I get creeped out by the relentless totalitarianism of Charterism; its tone-deafness, its self-referentiality, its inability to consider that there might be limits – not found in the Charter – to the range and depth of its reach into private conscience and public behaviour.
Yesterday the Post printed an op-ed called “The Religious Hospital Problem”. It argued that the calculations of rights embodied in the Charter were such that the only correct conclusion was that a Catholic hospital had no right to refuse a patient an “assisted death”.
The hospital had a trust relationship with the patient, and that the trust relationship trumped the religious rights – if any – of a Catholic institution.
The authors, Richard C. Owens and Ellen Wiebe, concluded:
Should Shearer really have had to accommodate someone’s religious convictions to the extent of the awful pain and degradation he suffered? No. That is not to say a Catholic doctor must be required to assist someone’s death — except perhaps in unusual circumstances. But an institution, per se, has no religion. It just happens to be under the control of those who wish to use it as a platform for advancing their beliefs. As such, every Catholic hospital should have at least one non-Catholic doctor with unimpeded access to terminal patients who is free to assist patients with their deaths.
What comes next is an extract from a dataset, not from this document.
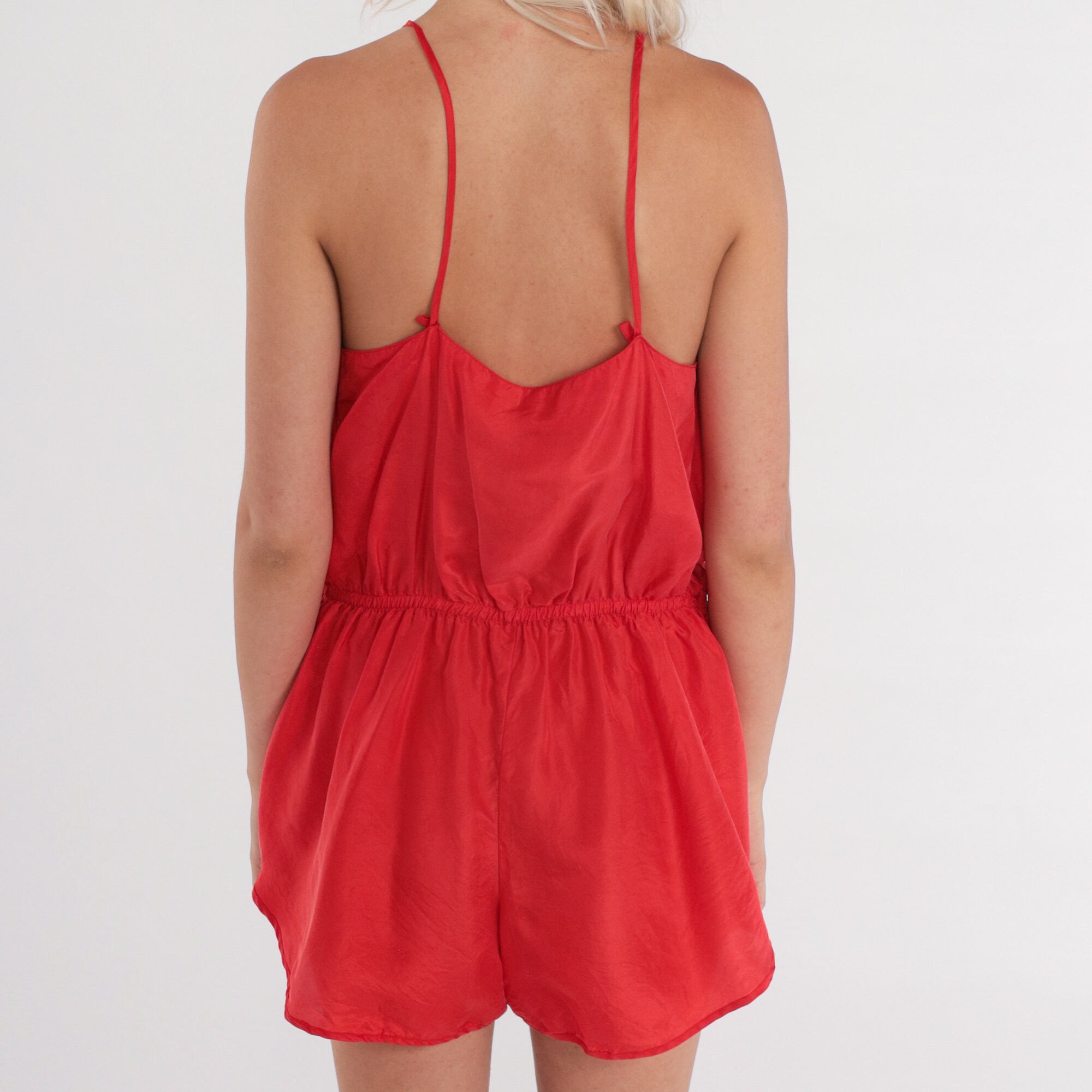 Vintage y2k lingerie teddy romper in red silk with spaghetti straps, a high waist, and dolphin cut shorts.
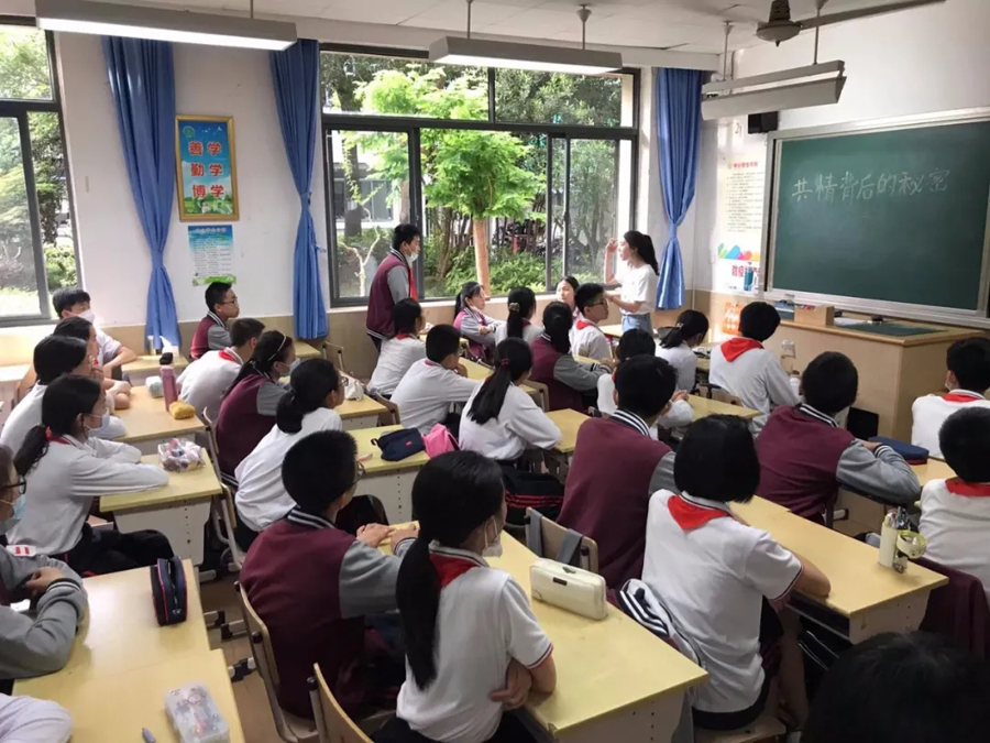 5月21日下午,中科院腦智卓越中心李毅研究員、竇艷儂副研究員、李葉菲博士、蔣夢萍博士、焦卓磊博士、王瑩博士、胡港研究生、吳超研究生根據位育初中各班級的特點,量身定制了“心靈閃電”“不耐痛是矯情么”“大腦通識”“共情背后的秘密”“神奇的下丘腦”“無創腦調控”“干細胞治療腦疾病”“神奇動物睡哪里?” 八個主題的科普講座。科普志愿者通過大量通俗易懂的視頻、音頻及圖片資料,為初一八個班300多名同學們普及了腦神經方面的科學知識。由于題材新穎,事先準備充分,語言生動活潑,四十分鐘的課上,同學們被貼近生活的事例,新鮮有趣的知識深深吸引。現場每個問題都能得到同學們的踴躍討論、發言。一些課外知識豐富的同學更是大膽質疑,提出自己的困惑。科普講座不僅激發了同學們對生活中科學知識的探索欲,了解到不少生活中的科學常識,更是增長了學生熱愛生命、熱愛生活的美好情感。

These rights must apply to patients of all creeds — including Catholics themselves.
1. An institution has no religion,it is merely the platform for the advancement of beliefs.
2. Therefore, since it has no religion, every Catholic hospital should have at least one non-Catholic doctor able to provide assisted deaths to allow for the proper exercise of patients’ rights to be killed.
3. A Catholic doctor (meaning a professed Christian) may, in circumstances not described but certainly not determined by him, be required to assist someone’s death, that is, stick a needle in someone’s arm and kill them, thus violating the Hippocratic oath and his conscience as a Christian.
In short, your religious convictions are without any weight or relevance to your requirement to be the obedient servant of the will of the state, as determined by the Supreme Court.
The Supreme Court has already determined that denying assisted death would violate a citizen’s rights under section 7 of the Charter.
Thus, a right not to be deprived of life, liberty and security of the person now includes the right to call in a doctor and have him give you a needle to kill you. Your right becomes his obligation.
And the doctor’s right to refuse you this unction is close to non-existent.
It is the same all over in any discussion of rights under the Charter. It is a totalitarian mental framework erected by lawyers, to place over their heads, and prevent them from thinking in any terms outside the framework erected by the Charter.
If a Canadian parliament passes a law, it may be declared to be outside its legislative competence, by reason of Charter violation or that it violates the division of powers between federal and provincial levels of government. But if the Supreme Court creates a law, there is no appeal. And these people are making bad law every month or so, as humans do, and only the very slow passage of time, and the appointments process, will reverse or hinder previous law-making. They are not evil, nor are they badly intended. The particular hell to which we are being sent is paved with the noblest of intentions, namely the Charter. My concern is that we have appointed a Supreme Court to do what no humans can do, which is to be infallible. And being human, they understand they have unchecked power and are using it to advance an agenda of their own devising.
William Buckley’s famous phrase was that he would rather the United States be governed by the first four hundred people out of the Boston telephone book than by the faculty of Harvard University. I feel the same way about Canada’s Supreme Court.